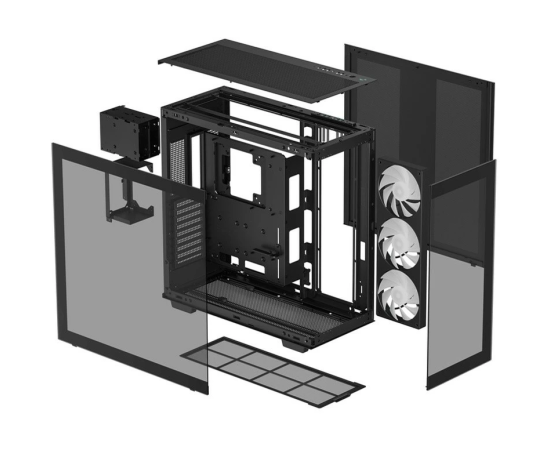 Корпус Deepcool CH780 без БП, боковое окно (закаленное стекло), 3xARGB LED 140мм, черный, E-ATX
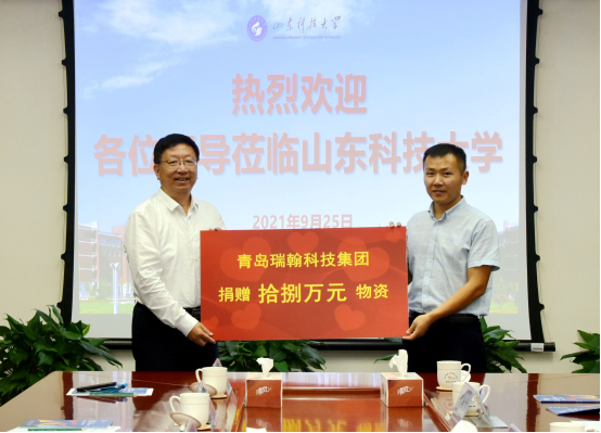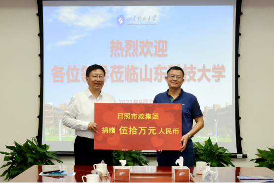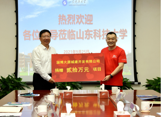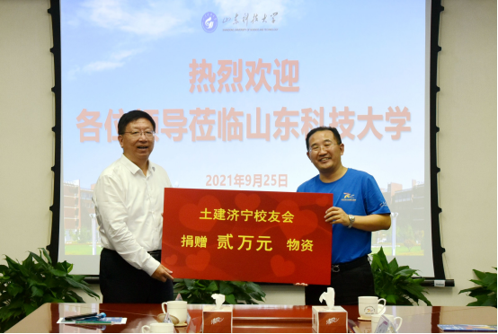 捐赠仪式上,日照市政集团、土建泰安校友会、土建济宁校友会、中交一航局城交公司校友会、青岛瑞翰科技集团、淄博大源城建开发有限公司等六家校友企业和校友会向学校捐赠,支持学校教育事业发展。张英杰代表学校接受捐赠并向校友们回赠捐赠证书。
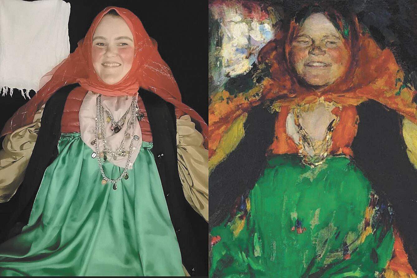 El maquillaje teatral la ayuda a parecerse a las heroínas de cuadros famosos. Incluso consiguió hacerse una segunda barbilla como la de la zarina Sofía.

* [TASK ITEM] Write the material out again exactly. Do not include the pictures.

* [ANSWER SPACE]
 Корпус Deepcool CH780 без БП, боковое окно (закаленное стекло), 3xARGB LED 140мм, черный, E-ATX
 捐赠仪式上,日照市政集团、土建泰安校友会、土建济宁校友会、中交一航局城交公司校友会、青岛瑞翰科技集团、淄博大源城建开发有限公司等六家校友企业和校友会向学校捐赠,支持学校教育事业发展。张英杰代表学校接受捐赠并向校友们回赠捐赠证书。
 El maquillaje teatral la ayuda a parecerse a las heroínas de cuadros famosos. Incluso consiguió hacerse una segunda barbilla como la de la zarina Sofía.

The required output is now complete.